%%

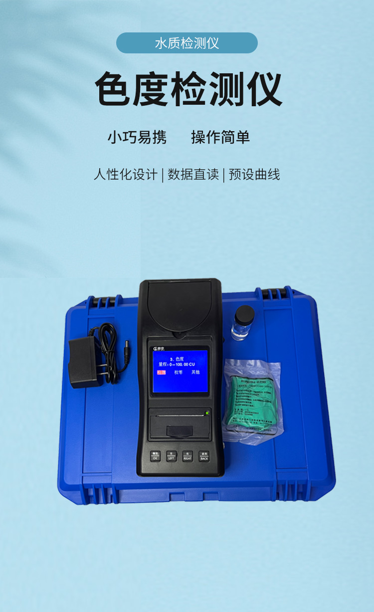 貫奧色度檢測(cè)儀可快速準(zhǔn)確測(cè)定地表水、地下水、城市污水及工業(yè)廢水中色度指標(biāo),濃度直讀;可廣泛用于水廠、食品、化工、冶金、環(huán)保及制藥行業(yè)等部門(mén)。儀器是由單個(gè)的固定波長(zhǎng)固定用途的分光光度計(jì)糅合而成的,采用分光光度法原理對(duì)各參數(shù)進(jìn)行測(cè)量,在儀器中建立不同參數(shù)的濃度顯色程度與吸光度的線性曲線,儀器通過(guò)對(duì)顏色的辨別,得出被測(cè)水樣的濃度。本儀器采用全中文菜單,操作簡(jiǎn)易易懂,使用方便快速測(cè)量準(zhǔn)確度高。
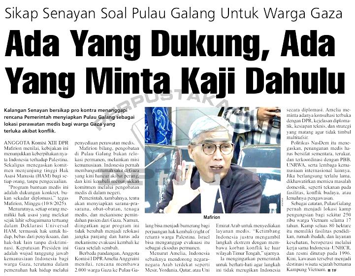 | Judul | Sikap senayan soal Pulau Galang untuk warga Gaza, ada yang dukung, ada yang minta kaji dulu |
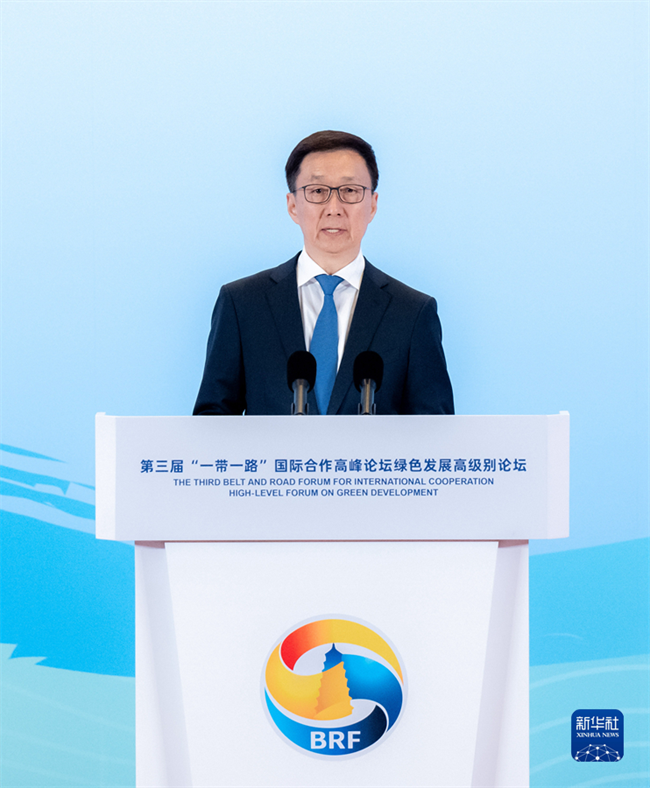 國家副主席韓正10月18日下午出席第三屆“一帶一路”國際合作高峰論壇綠色發展高級別論壇并致辭。

%%

WHAT TO WORK ON
The copy should begin at the line containing "kaji dulu |" and end at the last line of the data above; please restate those lines word for word without the pictures.

WRITTEN SOLUTION
 | Judul | Sikap senayan soal Pulau Galang untuk warga Gaza, ada yang dukung, ada yang minta kaji dulu |
 國家副主席韓正10月18日下午出席第三屆“一帶一路”國際合作高峰論壇綠色發展高級別論壇并致辭。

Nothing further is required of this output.